I am currently pursuing a PhD in an area of mathematical analysis. Recently I uploaded a result on arXiv where I somewhat improved a result from 40 years back in a question in smooth dynamics, a field different from my thesis subject.
In my limited interactions with experts in this field, demonstrating the existence of such a theorem with some parameters was considered important, and although the author clearly made an attempt to get the best possible parameter set for which the result holds, that in itself seemed to not be as important of a question.
A year back, by significantly extending this original author's methods, I improved the parameter set somewhat for which the result holds.

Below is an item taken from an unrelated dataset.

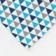 Diese bunte Fleecedecke weist ein niedliches geometrisches Muster mit kleinen grauen und blauen Dreiecken auf.

This ended up taking a lot of effort, and I wondered while working on this, if I was only rediscovering what could already be known.
Recently, another paper appeared on the arXiv clearly improving my result significantly, proving what I ideally aimed to get but couldn't, building on some other papers that I was not aware of (probably leading back to an old result of Yakov Sinai).
While this is not in my thesis area and perhaps experts in my thesis area will not bother very much, does this still give any negative impression of my work in the academic job market (perhaps I should have done a more thorough literature search)? Also, does it give a negative impression of me for experts in the subject area of this paper?
I would see this as a great accomplishment. Someone read your paper, thought it was interesting and relevant, and sat down to further improve it.